Exercise instructions:
Using the listing below, please print exactly the lines from the one with "Декоративное украшение пришивное" through the one with "في تطبيق ديل". Leave out every picture.

Exercise inputs:

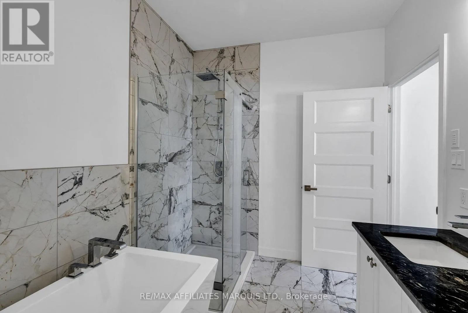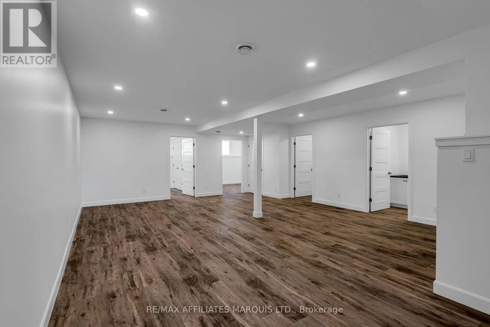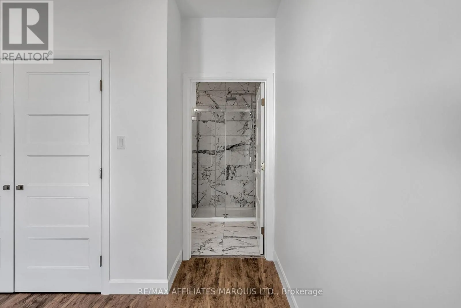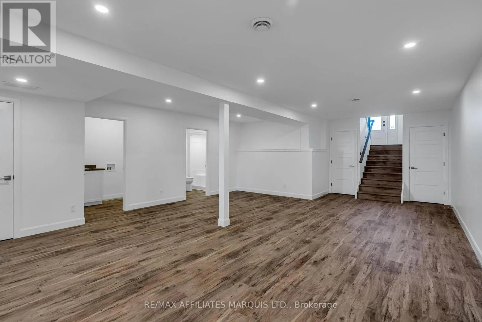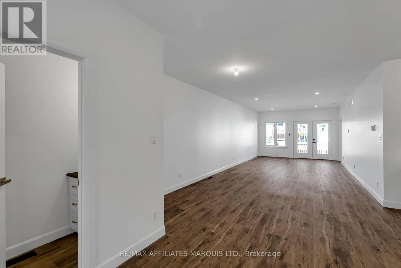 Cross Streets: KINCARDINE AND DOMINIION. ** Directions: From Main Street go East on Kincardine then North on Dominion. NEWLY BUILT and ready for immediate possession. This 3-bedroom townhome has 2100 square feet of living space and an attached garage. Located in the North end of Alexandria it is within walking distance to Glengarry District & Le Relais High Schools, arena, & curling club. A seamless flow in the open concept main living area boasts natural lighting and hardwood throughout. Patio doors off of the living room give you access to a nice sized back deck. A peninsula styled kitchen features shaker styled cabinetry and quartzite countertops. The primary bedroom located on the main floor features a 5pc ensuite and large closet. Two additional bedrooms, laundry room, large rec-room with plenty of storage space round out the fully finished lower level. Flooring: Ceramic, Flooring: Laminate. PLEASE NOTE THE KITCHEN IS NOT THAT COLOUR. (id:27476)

==

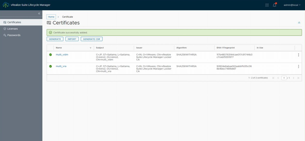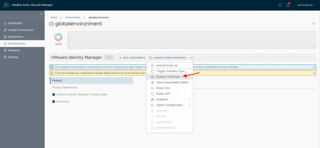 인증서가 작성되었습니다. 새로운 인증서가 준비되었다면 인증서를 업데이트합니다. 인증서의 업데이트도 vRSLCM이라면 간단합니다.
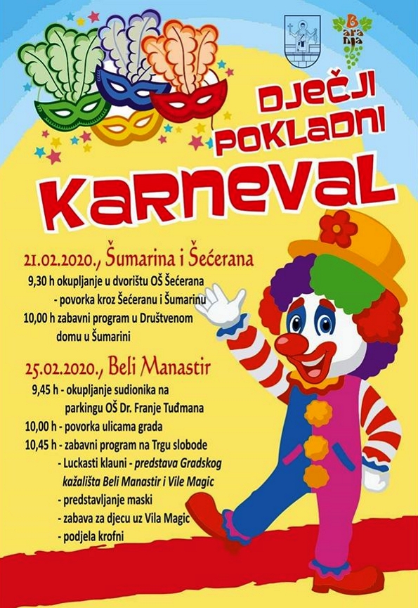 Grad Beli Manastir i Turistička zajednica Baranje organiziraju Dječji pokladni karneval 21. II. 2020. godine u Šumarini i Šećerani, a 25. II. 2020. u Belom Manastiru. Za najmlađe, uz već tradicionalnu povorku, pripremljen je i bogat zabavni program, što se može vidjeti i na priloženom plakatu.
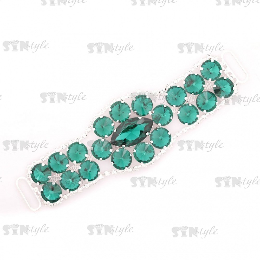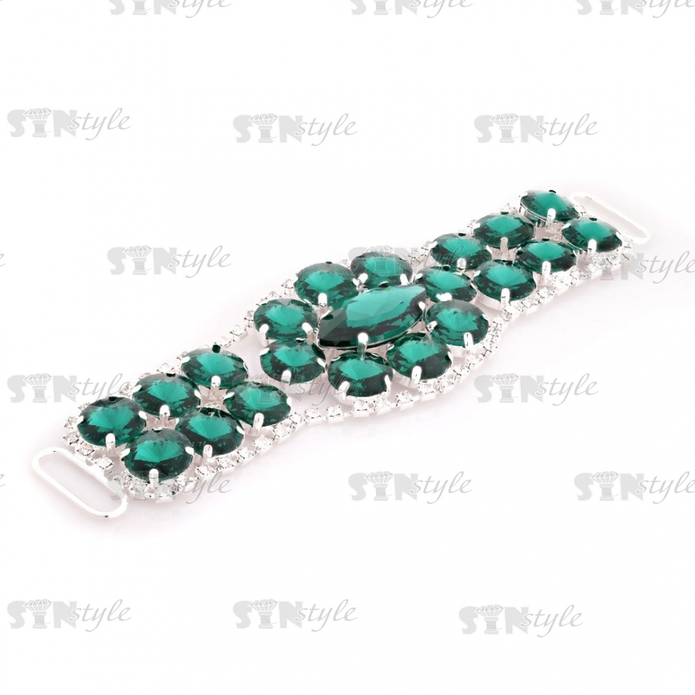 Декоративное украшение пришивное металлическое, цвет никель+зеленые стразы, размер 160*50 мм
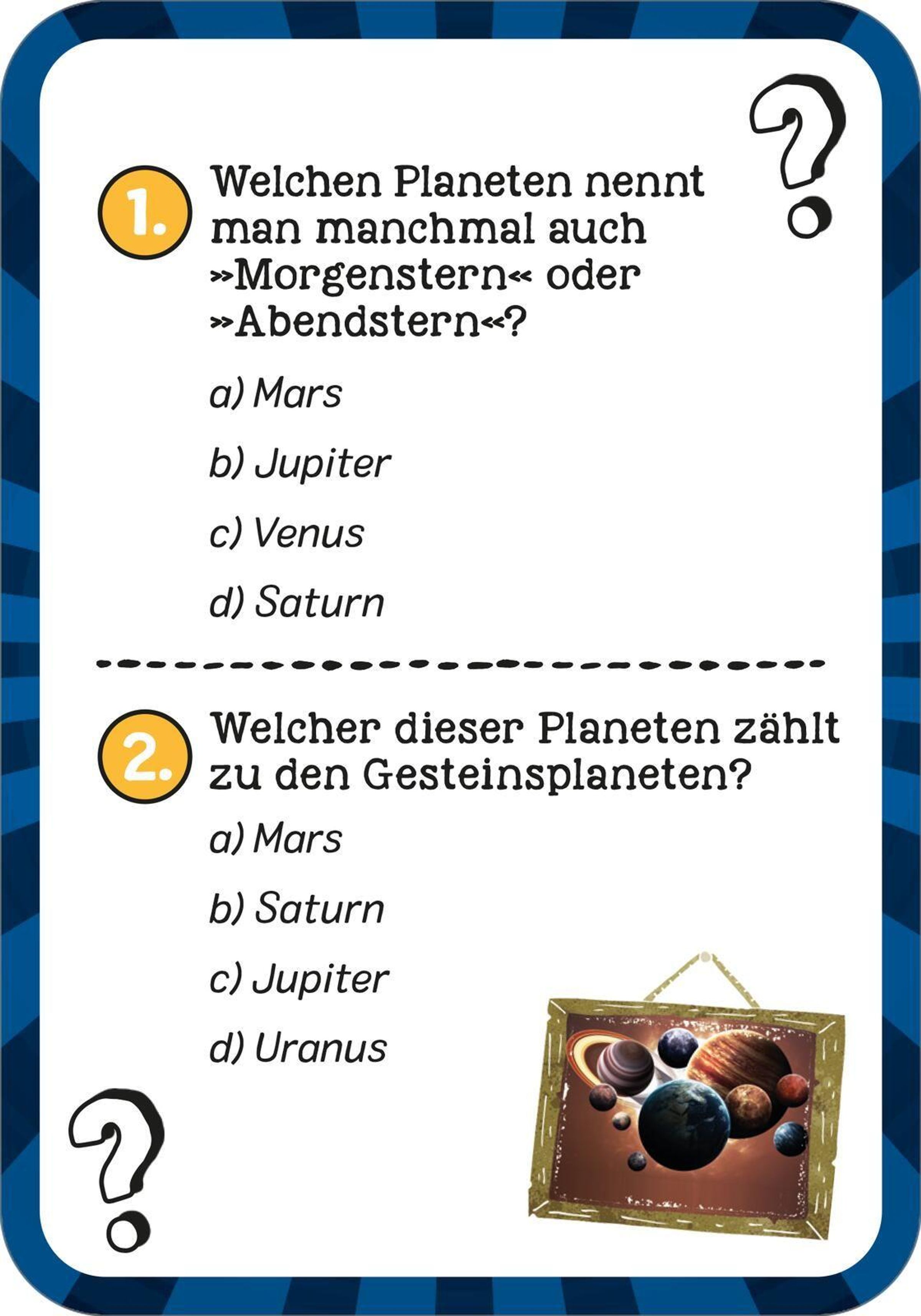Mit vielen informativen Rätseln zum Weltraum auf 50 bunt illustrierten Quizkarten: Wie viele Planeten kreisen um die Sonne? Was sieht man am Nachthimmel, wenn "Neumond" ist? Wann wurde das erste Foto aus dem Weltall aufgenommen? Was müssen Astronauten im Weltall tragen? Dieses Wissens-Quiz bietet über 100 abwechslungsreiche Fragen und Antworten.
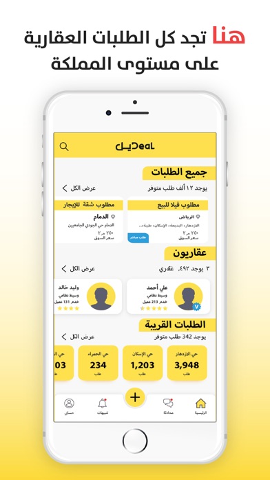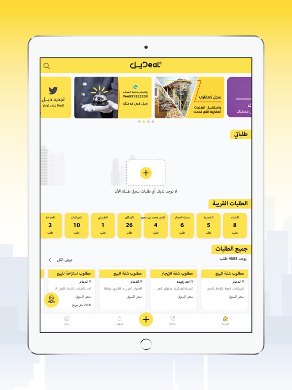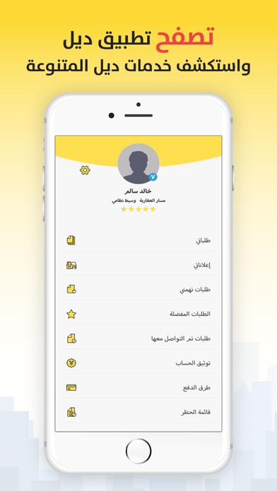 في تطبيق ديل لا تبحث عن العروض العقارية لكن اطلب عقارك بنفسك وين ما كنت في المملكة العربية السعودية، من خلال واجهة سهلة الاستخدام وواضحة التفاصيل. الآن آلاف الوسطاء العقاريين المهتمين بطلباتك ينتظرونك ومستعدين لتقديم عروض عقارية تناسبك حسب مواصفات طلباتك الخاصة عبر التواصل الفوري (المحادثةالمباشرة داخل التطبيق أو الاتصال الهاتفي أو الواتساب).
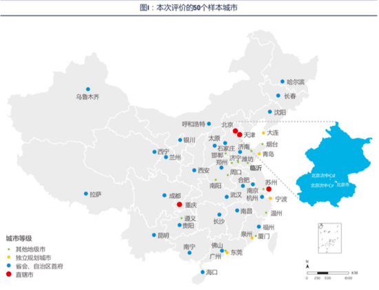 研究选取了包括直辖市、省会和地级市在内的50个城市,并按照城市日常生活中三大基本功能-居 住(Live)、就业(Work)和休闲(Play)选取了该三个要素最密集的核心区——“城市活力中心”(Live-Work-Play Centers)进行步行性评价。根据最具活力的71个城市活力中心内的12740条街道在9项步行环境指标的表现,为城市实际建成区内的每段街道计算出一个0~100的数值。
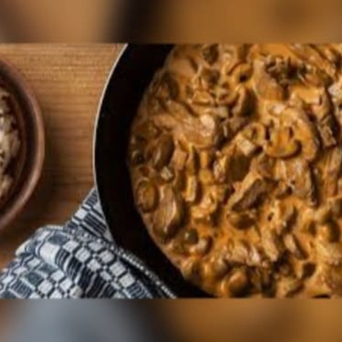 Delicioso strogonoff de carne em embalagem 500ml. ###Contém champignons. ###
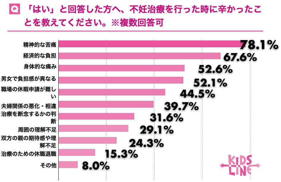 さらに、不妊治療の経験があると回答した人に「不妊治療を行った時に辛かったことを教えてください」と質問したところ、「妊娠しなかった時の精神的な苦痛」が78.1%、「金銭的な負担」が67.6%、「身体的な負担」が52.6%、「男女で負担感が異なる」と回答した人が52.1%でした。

--

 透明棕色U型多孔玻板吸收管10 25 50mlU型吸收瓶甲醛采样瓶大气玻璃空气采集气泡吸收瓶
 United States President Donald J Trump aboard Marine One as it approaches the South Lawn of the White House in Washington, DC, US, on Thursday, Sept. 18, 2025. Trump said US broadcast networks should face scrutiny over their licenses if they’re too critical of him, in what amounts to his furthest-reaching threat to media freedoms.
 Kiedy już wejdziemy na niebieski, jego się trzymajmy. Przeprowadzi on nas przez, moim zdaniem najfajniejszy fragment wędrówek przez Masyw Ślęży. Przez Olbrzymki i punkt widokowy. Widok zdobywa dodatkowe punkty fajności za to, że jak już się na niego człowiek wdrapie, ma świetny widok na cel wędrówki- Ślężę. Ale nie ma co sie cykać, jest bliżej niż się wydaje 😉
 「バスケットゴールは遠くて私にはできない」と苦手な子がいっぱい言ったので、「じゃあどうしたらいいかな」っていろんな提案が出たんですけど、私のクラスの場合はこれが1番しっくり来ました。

Exercise solution:
 Декоративное украшение пришивное металлическое, цвет никель+зеленые стразы, размер 160*50 мм
Mit vielen informativen Rätseln zum Weltraum auf 50 bunt illustrierten Quizkarten: Wie viele Planeten kreisen um die Sonne? Was sieht man am Nachthimmel, wenn "Neumond" ist? Wann wurde das erste Foto aus dem Weltall aufgenommen? Was müssen Astronauten im Weltall tragen? Dieses Wissens-Quiz bietet über 100 abwechslungsreiche Fragen und Antworten.
 في تطبيق ديل لا تبحث عن العروض العقارية لكن اطلب عقارك بنفسك وين ما كنت في المملكة العربية السعودية، من خلال واجهة سهلة الاستخدام وواضحة التفاصيل. الآن آلاف الوسطاء العقاريين المهتمين بطلباتك ينتظرونك ومستعدين لتقديم عروض عقارية تناسبك حسب مواصفات طلباتك الخاصة عبر التواصل الفوري (المحادثةالمباشرة داخل التطبيق أو الاتصال الهاتفي أو الواتساب).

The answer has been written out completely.